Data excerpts
_ _ _ _ _

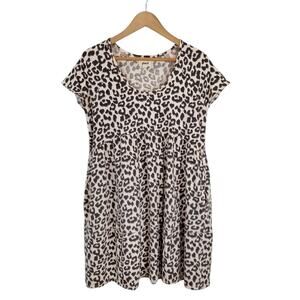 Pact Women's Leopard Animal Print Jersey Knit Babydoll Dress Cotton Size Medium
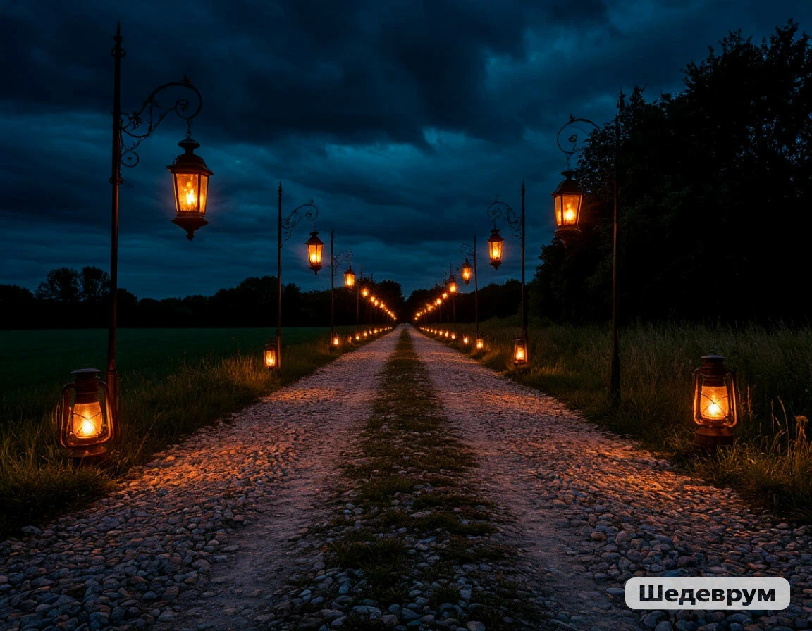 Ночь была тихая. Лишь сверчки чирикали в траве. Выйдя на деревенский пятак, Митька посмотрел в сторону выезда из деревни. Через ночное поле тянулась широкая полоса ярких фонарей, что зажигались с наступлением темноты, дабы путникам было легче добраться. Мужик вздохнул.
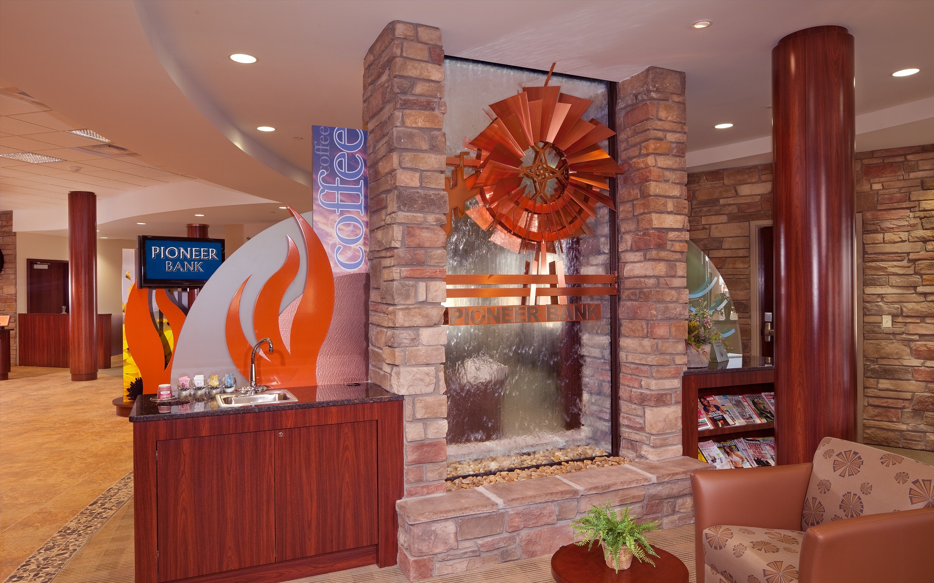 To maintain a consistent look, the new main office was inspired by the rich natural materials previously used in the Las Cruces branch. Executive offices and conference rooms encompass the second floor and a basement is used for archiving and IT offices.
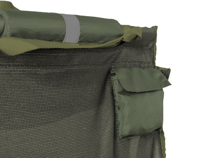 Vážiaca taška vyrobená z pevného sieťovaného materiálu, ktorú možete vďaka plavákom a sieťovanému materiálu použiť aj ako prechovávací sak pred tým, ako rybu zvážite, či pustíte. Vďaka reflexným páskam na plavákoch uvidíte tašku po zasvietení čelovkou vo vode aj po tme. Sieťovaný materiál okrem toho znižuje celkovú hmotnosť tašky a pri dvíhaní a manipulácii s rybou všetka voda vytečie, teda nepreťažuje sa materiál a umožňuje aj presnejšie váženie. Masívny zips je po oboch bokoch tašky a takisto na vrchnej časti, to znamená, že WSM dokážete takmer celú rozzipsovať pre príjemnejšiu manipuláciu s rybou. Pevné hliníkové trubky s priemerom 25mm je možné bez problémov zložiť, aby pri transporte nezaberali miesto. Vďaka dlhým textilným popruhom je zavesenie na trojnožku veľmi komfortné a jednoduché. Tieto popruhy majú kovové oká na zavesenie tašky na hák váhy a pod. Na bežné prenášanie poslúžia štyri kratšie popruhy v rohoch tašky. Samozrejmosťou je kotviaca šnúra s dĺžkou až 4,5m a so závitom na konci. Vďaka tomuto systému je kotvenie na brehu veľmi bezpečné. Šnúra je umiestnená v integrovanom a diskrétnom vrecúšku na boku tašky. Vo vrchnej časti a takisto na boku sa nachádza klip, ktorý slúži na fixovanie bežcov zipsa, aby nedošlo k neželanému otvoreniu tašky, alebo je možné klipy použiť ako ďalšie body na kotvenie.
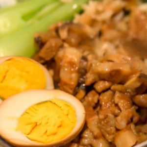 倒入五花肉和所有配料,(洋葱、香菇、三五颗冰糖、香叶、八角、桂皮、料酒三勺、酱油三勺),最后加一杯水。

_ _ _ _ _

▶ **What is expected**
Please hand back every entry above exactly, with no images in the copy.

▶ **Worked solution**
 Pact Women's Leopard Animal Print Jersey Knit Babydoll Dress Cotton Size Medium
 Ночь была тихая. Лишь сверчки чирикали в траве. Выйдя на деревенский пятак, Митька посмотрел в сторону выезда из деревни. Через ночное поле тянулась широкая полоса ярких фонарей, что зажигались с наступлением темноты, дабы путникам было легче добраться. Мужик вздохнул.
 To maintain a consistent look, the new main office was inspired by the rich natural materials previously used in the Las Cruces branch. Executive offices and conference rooms encompass the second floor and a basement is used for archiving and IT offices.
 Vážiaca taška vyrobená z pevného sieťovaného materiálu, ktorú možete vďaka plavákom a sieťovanému materiálu použiť aj ako prechovávací sak pred tým, ako rybu zvážite, či pustíte. Vďaka reflexným páskam na plavákoch uvidíte tašku po zasvietení čelovkou vo vode aj po tme. Sieťovaný materiál okrem toho znižuje celkovú hmotnosť tašky a pri dvíhaní a manipulácii s rybou všetka voda vytečie, teda nepreťažuje sa materiál a umožňuje aj presnejšie váženie. Masívny zips je po oboch bokoch tašky a takisto na vrchnej časti, to znamená, že WSM dokážete takmer celú rozzipsovať pre príjemnejšiu manipuláciu s rybou. Pevné hliníkové trubky s priemerom 25mm je možné bez problémov zložiť, aby pri transporte nezaberali miesto. Vďaka dlhým textilným popruhom je zavesenie na trojnožku veľmi komfortné a jednoduché. Tieto popruhy majú kovové oká na zavesenie tašky na hák váhy a pod. Na bežné prenášanie poslúžia štyri kratšie popruhy v rohoch tašky. Samozrejmosťou je kotviaca šnúra s dĺžkou až 4,5m a so závitom na konci. Vďaka tomuto systému je kotvenie na brehu veľmi bezpečné. Šnúra je umiestnená v integrovanom a diskrétnom vrecúšku na boku tašky. Vo vrchnej časti a takisto na boku sa nachádza klip, ktorý slúži na fixovanie bežcov zipsa, aby nedošlo k neželanému otvoreniu tašky, alebo je možné klipy použiť ako ďalšie body na kotvenie.
 倒入五花肉和所有配料,(洋葱、香菇、三五颗冰糖、香叶、八角、桂皮、料酒三勺、酱油三勺),最后加一杯水。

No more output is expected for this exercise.